核脅迫をステージアップさせた金正恩
Japan In-depth / 2023年2月26日 18時0分
韓国統一部が2月16日に公開した「北朝鮮権力機構図」によると、金正恩は2022年3月以後、党中央委員会政治局委員を40%以上、書記局書記を60%以上交代させた。また統制強化のために、規律部門の党中央検査委員会委員長と副委員長を、ともに政治局委員、候補委員に昇格させたが、これは組織指導部の統制だけでは体制の安定を維持できないという不安の表れだ。
軍では軍内部配列1位だった党政治局常務委員で、中央軍事委員会副委員長兼労働党書記の朴正天(パク・チョンチョン)が、昨年12月末に開かれた党第8期第6回総会で解任されたが、これは「国防計画5カ年計画」が、金正恩の意図通り進んでいないことへの不満の現れと見られる。
朴正天の軍における主要職位は、国防相だった李永吉(リ・ヨンギル)に受け継がれ、国防相は強純男(カン・スンナム)となり、総参謀長は李テソプから朴スイルに、社会安全相は朴スイルから李テソプに交代した。
李永吉の中央軍事委員会副委員長任命は、軍の規律を確立し、核兵器の小型化を中心とした軍の作戦・戦術能力の強化と対韓国侵略体制確率のための措置と見られる。
3、軍のさらなる私兵化を狙う「キム・ジュエ」の登場
金正恩は、内部統制を強化し、「軍の私兵化」を更に進めるために、娘の「キム・ジュエ」を、昨年の11月のICBM 「火星17号」発射実験場に登場させた。これは、北朝鮮の4代世襲を既成事実化する一方で、軍の使命を、金正恩だけでなく、その家族までも守ることだとするプロパガンダ戦略の一環とみられる。

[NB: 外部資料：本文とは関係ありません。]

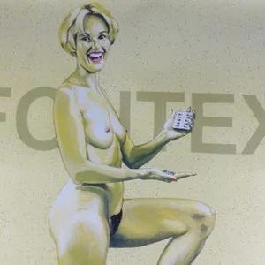En af tre oversize Jyllands Posten reklameplakater som vi har til salg. De øvrige er af Peter Carlsen og Bentemarie Kjeldbæk. Disse har været opbevaret rullet sammen siden omkring 1995.

2月8日の人民軍創建75周年軍事パレードでも、「キム・ジュエ」に再びスポットライトが当てられたが、そこに新たに編成された「金正恩決死護衛部隊」が姿を見せたのは偶然の一致ではない。
こうした一連の演出を見て、最近、一部韓国や米国の専門家、日本の北朝鮮ウォッチャーが、この娘を「金正恩の後継者だ」などと囃し立てた。これは北朝鮮の政治体制と社会的風土をよく理解していないことからもたらされたものだ。
この娘は金正恩後継者ではない。その理由の第1は、そもそも男尊女卑の伝統が根強く残り、階級的身分制度に基づく世襲的首領独裁制が国体となっている北朝鮮社会では、女姓が指導者となる政治基盤が存在しない。
金正恩体制を支える朝鮮労働党中央委員会メンバー百数十人の中で、女性は数人しかいないし、最高指導機関のメンバーである政治局常務委員や政治局委員にいたっては一人もいない。権力構造が女性指導者を支える仕組みになっていないのである。